Thinking Time, Ted

I’m in a bit of a philosophizing mood as I realize that I’ve managed to cram a week and a half’s work into five days, I’ll be continuing to work for several hours over the weekend and there’s no let-up likely next week.

Those of you in the teaching profession will know exactly what I mean – end of term, marking piling up, students needing attention, preparations for next term and next year. Those of you in other professions will also know what a busy week means, but won’t have the luxury of knowing that very shortly you’ll be ‘on holidays’ for two weeks.

‘On holidays’ – what a magical phrase. Unless you’re a teacher, know a teacher, live with a teacher or spend your working day in a school, you might be forgiven for thinking that we’re all just about to jet off for two weeks in Fiji. The fact is that for the majority of teachers, the holidays isn’t a holiday, so much as a period of ‘student free’ planning time. Time to think without “Miss, miss!” interrupting the flow of thought. An opportunity to have a deep and important discussion about your work with a colleague without being interrupted to issue a detention, manage a friendship breakup, get a locker opened, comfort a crying teenager, take a call from a parent or find a lost textbook.

If you  have children at home, you’ll know what it’s like. Finding peaceful moments when you can indulge in thought are rare. But how much better are you at doing everything else when you’ve had some ‘brain space’?

The Baillieu Government wants teachers to do compulsory Professional Development in the holidays. They expect us to compete over who gets paid for student success. They are asking us to take a pay cut rather than receive a fair pay raise. They want to turn public education into mini corporations churning out productive widgets instead of educated children (particularly if your widget attends a public school).

If you’re wondering why I’m supporting the challenges to the Victorian Government’s decimation of education, it’s because I value the time to think, to recharge the mental batteries, so that detentions, broken friendships, impenetrable lockers, tear-stained faces, parent calls and missing textbooks don’t completely drain my energies and I can concentrate on my ‘core business’ – my work in the classroom, educating children with fewer resources. When every forty minutes of every working day is controlled by ringing bells, it should be a professional respect that we are accorded to be able to use our ‘holiday breaks’ to choose how and when to structure our PD time, our planning time and our personal time.

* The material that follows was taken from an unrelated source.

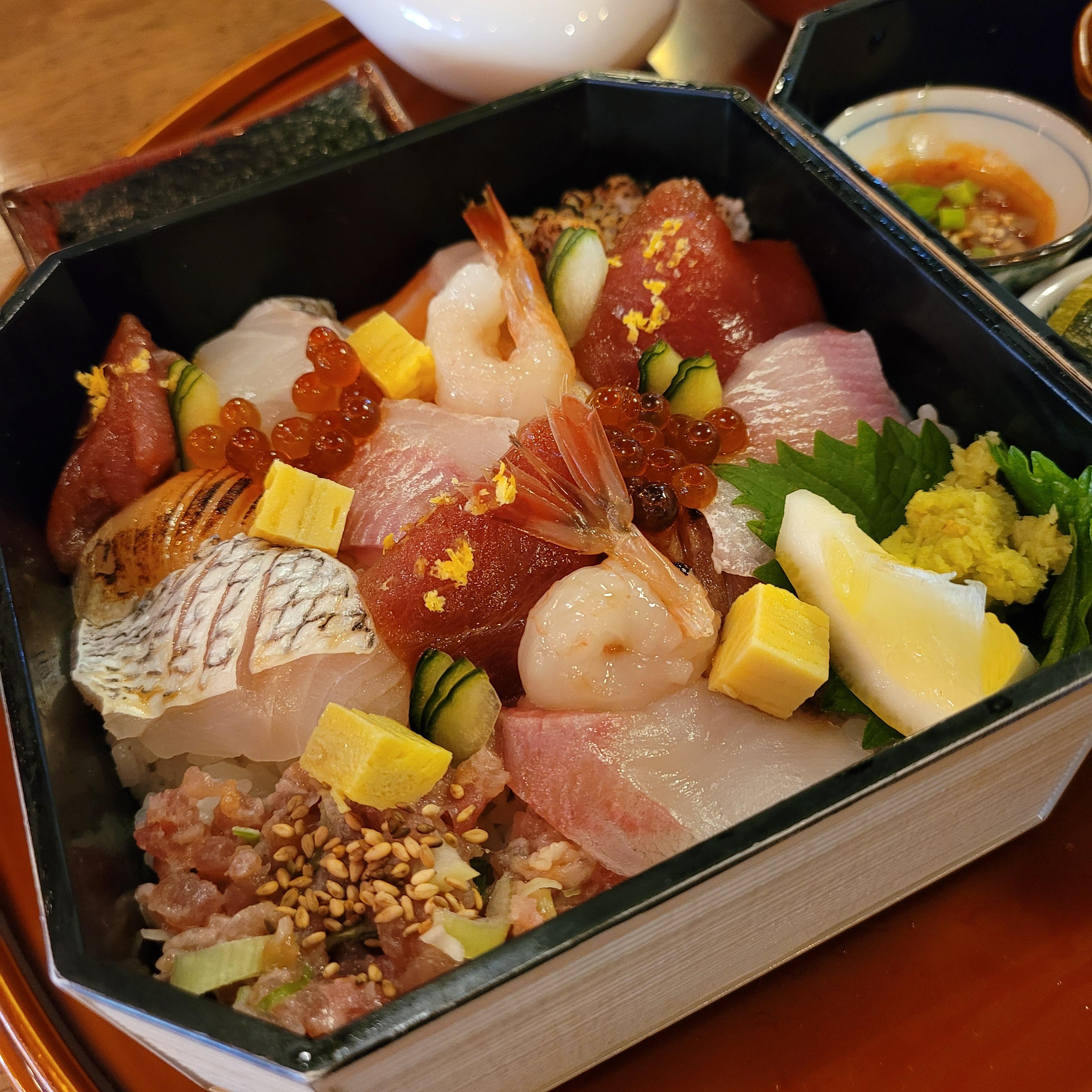 여러 종류의 회가 얹혀져있는 회덮밥이다.
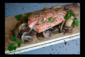 - To serve, plate the salmon on top of the mushrooms, and sprinkle over the chopped parsley. Enjoy!

We could, of course, assume the conspiracy theory. Those in government know their politics. They are clearly aware that a well-educated public will see through the fabrications of power barons who govern in the best interests of the few, thus the plan to gut the education system. But they should also remember their history – when the public are denied their fair share of the wealth and resources, then revolution may be at hand.

I don’t expect the bad old days of 20th Century revolutionary thinking to re-emerge, we’re not about to behead anyone and take over the palace. But we can use the power of the ballot box, and I suggest that if you think teachers have a case, you let this government know what you think of their plans.